- **DATA FOR THIS TASK**
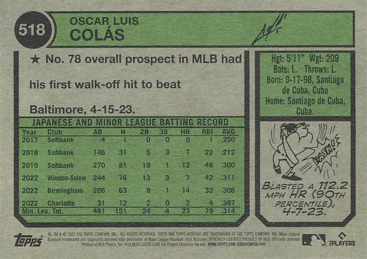 2023 Topps Heritage Oscar Colás RC Chicago White Sox #518
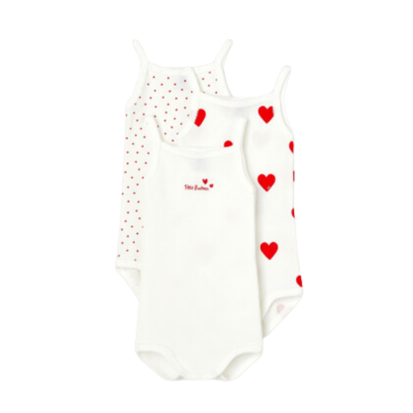 Set 3 pezzi di body Petit Bateau smanicati con bretella sottile uno bianco con piccola scritta rossa uno con cuori grandi rossi uno con cuori piccoli rossi
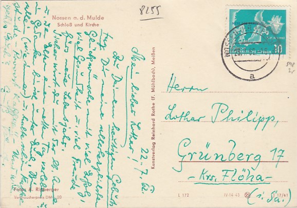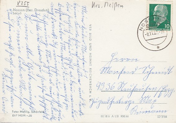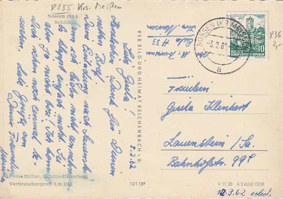 Nossen in Sachsen 1963 mit Schloß Eintrittskarte
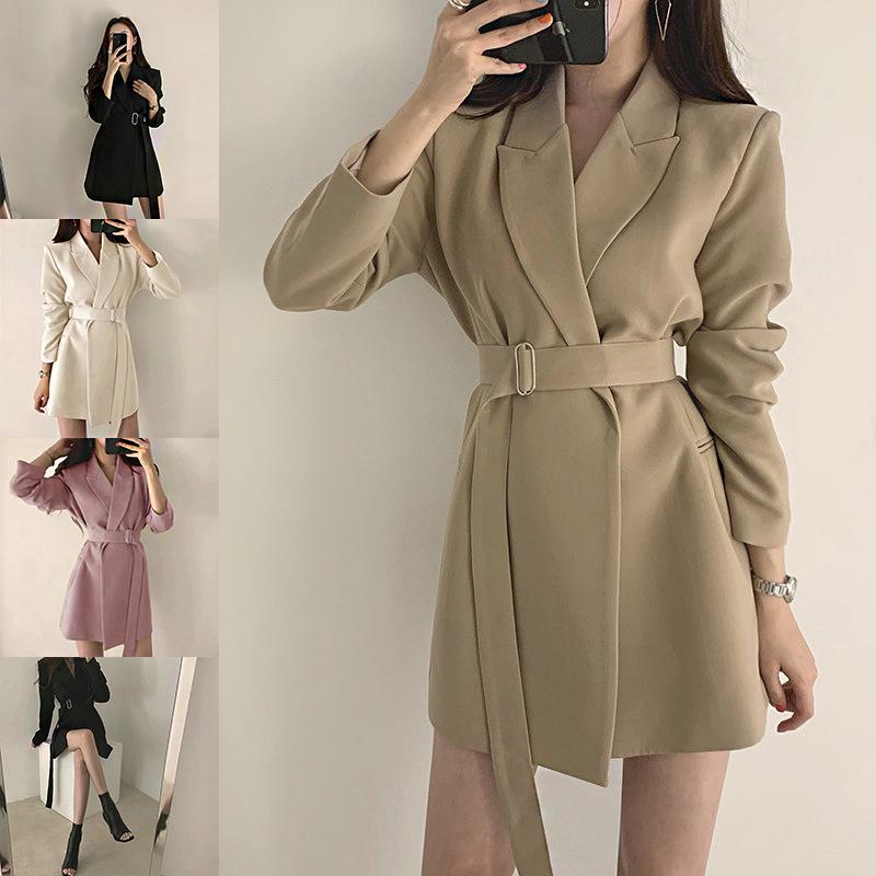 コート レディース 韓国 テーラード ロング丈 ポリエステル ゆったり 無地 アウター 春秋 おしゃれ かわいい カーキ ベージュ ブラック
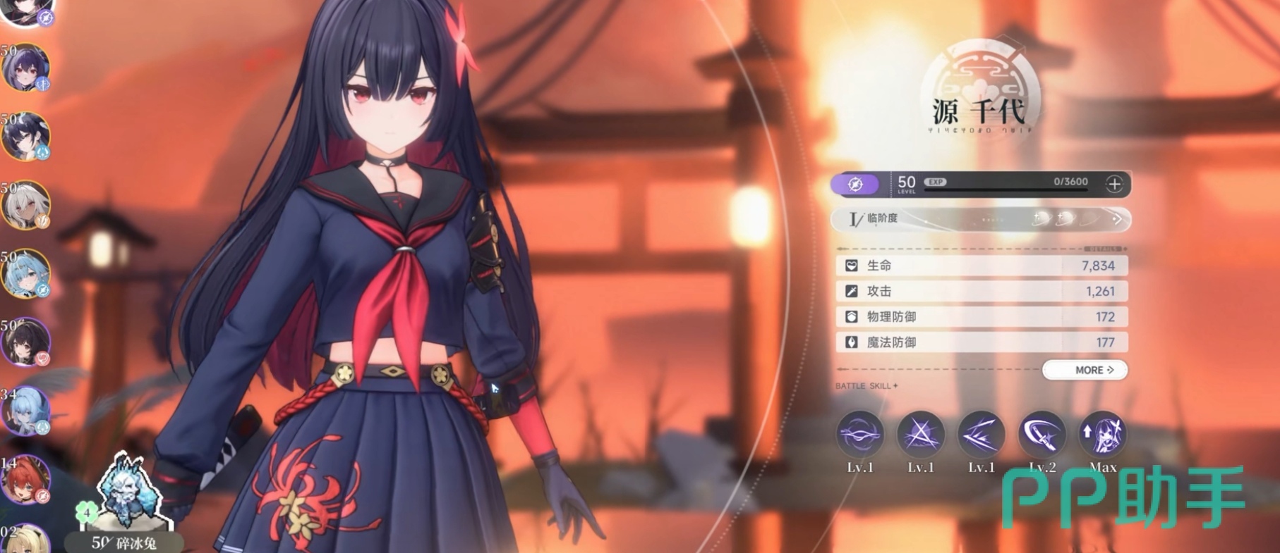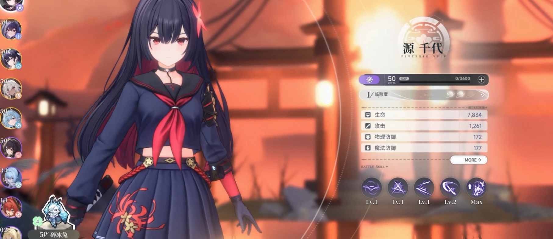 首位推荐角色:源千代。暗属性主输出位,武器为太刀。基础普攻可达成五段连续斩击,配合【鬼火】Debuff可激活重击斩杀判定;一技能【星鸣斩】具备大范围群体伤害,并显著压缩重击蓄力时长;终极技释放高额暗属性爆发伤害,同时在目标区域持续生成燃烧地带,提供可观的附加持续伤害。其操作门槛低、循环流畅、单体与清群能力均衡,是新手开荒与后期攻坚均表现稳定的首选主C。
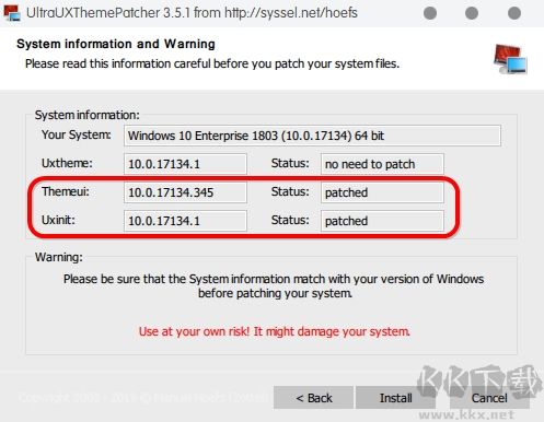 如果安裝本補(bǔ)丁后應(yīng)用主題無(wú)效,請(qǐng)?jiān)俅未蜷_(kāi)安裝程序,停留在破解詳情界面(如下圖),看下面紅色框內(nèi)的項(xiàng)是否顯示的是 patched
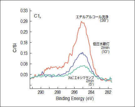 図6は、酸素分子とオゾン分子の光吸収特性を示しています4)。酸素が VUV光の作用により生じる活性酸素O(1D)は、酸化力が強くガラスや金属の有機物による汚れを取り除くことに使われます。VUV光は有機物の結合を解裂させるに足るエネルギーを持っていますので、解裂後の化学種と活性酸素は容易に反応してガス状のCO2や水になりガラス表面から散逸します。これがVUV/O3洗浄です。図7は、液晶ディスプレイ用の基板に使われる無アルカリガラスの表面にエタノールを滴下し押し広げた後、VUV/O3洗浄したときのカーボン濃度を XPSで評価した結果です5)。光洗浄によってカーボンが減少していることがわかります。

- **WHAT IS EXPECTED**
The data is to be printed again exactly, but without its pictures.

- **SOLUTION TO THIS PROBLEM**
 2023 Topps Heritage Oscar Colás RC Chicago White Sox #518
 Set 3 pezzi di body Petit Bateau smanicati con bretella sottile uno bianco con piccola scritta rossa uno con cuori grandi rossi uno con cuori piccoli rossi
 Nossen in Sachsen 1963 mit Schloß Eintrittskarte
 コート レディース 韓国 テーラード ロング丈 ポリエステル ゆったり 無地 アウター 春秋 おしゃれ かわいい カーキ ベージュ ブラック
 首位推荐角色:源千代。暗属性主输出位,武器为太刀。基础普攻可达成五段连续斩击,配合【鬼火】Debuff可激活重击斩杀判定;一技能【星鸣斩】具备大范围群体伤害,并显著压缩重击蓄力时长;终极技释放高额暗属性爆发伤害,同时在目标区域持续生成燃烧地带,提供可观的附加持续伤害。其操作门槛低、循环流畅、单体与清群能力均衡,是新手开荒与后期攻坚均表现稳定的首选主C。
 如果安裝本補(bǔ)丁后應(yīng)用主題無(wú)效,請(qǐng)?jiān)俅未蜷_(kāi)安裝程序,停留在破解詳情界面(如下圖),看下面紅色框內(nèi)的項(xiàng)是否顯示的是 patched
 図6は、酸素分子とオゾン分子の光吸収特性を示しています4)。酸素が VUV光の作用により生じる活性酸素O(1D)は、酸化力が強くガラスや金属の有機物による汚れを取り除くことに使われます。VUV光は有機物の結合を解裂させるに足るエネルギーを持っていますので、解裂後の化学種と活性酸素は容易に反応してガス状のCO2や水になりガラス表面から散逸します。これがVUV/O3洗浄です。図7は、液晶ディスプレイ用の基板に使われる無アルカリガラスの表面にエタノールを滴下し押し広げた後、VUV/O3洗浄したときのカーボン濃度を XPSで評価した結果です5)。光洗浄によってカーボンが減少していることがわかります。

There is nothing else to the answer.